Another characteristic of the ‘absurd’ dramas is the lack of verification about the past and
future. It is a mastery technique that in every play the curtain comes down when it is least
of all expected, when the given situation is not completed at all. Actually, the characters
frequently refer to the past or the future, however, the future that they imagine is rather
beyond their grasp. Their beliefs and visions are influenced by their actions, whereas their
actions are often determined by their past. The most interesting point of this dramatic
technique is the way in which Pinter leads his readers – unconsciously – to think or notice
that the characters do not have hope any more. “The menacing atmosphere of the plays is
a product of the way in which the spectator is left prey to the pity and terror naturally
associated with an unexpected visit to the inhabitants of inferno.” [8] Although the
audience is, of course, able to think like the characters do, or even imagine a future where
all their plans were completed, but in order to do so they would need to forget, or simply
neglect everything they have noticed and observed about the characters during the play.

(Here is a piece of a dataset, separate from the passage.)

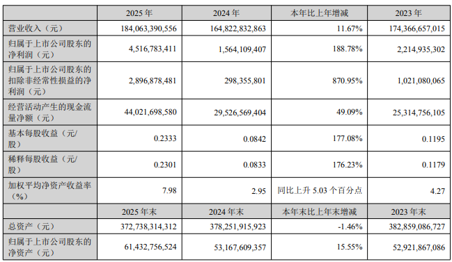 3月27日,TCL科技(000100.SZ)发布2025年度报告,年内公司营业收入1840.6亿元,同比增长11.7%;归属于上市公司股东净利润45.2亿元,同比增长188.8%;经营性现金流净额440.2亿元,同比增长49.1%。公司拟每十股分红0.9元,现金分红金额18.7亿元,分红比例超40%。报告期内,TCL华星实现高质量增长,盈利能力大幅提升,成公司核心增长引擎。2025年,其实现营业收

On the contrary, the audience is capable to predict appropriately what these individuals
will do next when the curtain has already come down. In fact, the audience knows the
characters better than they know themselves and therefore can forecast their future with
a greater accuracy.

Among the major dramatists of the Absurd, Harold Pinter represents the most original
combination of avant-garde and traditional elements. He was a permanent ‘visitor’ of the
theatre, equally proficient as an actor, director and playwright. Pinter’s work can be
summed up with the quote of James Stobaugh, “The Absurdist abandoned all hope of
finding meaning in life and embraced a sort of nihilism. The Absurdist was convinced
that everything was meaningless and absurd. The subjectivity of a Romantic was
appealing to the Absurdist. However, even that implied that something was transcendent
– a desire – and the Absurdist would have nothing to do with that.”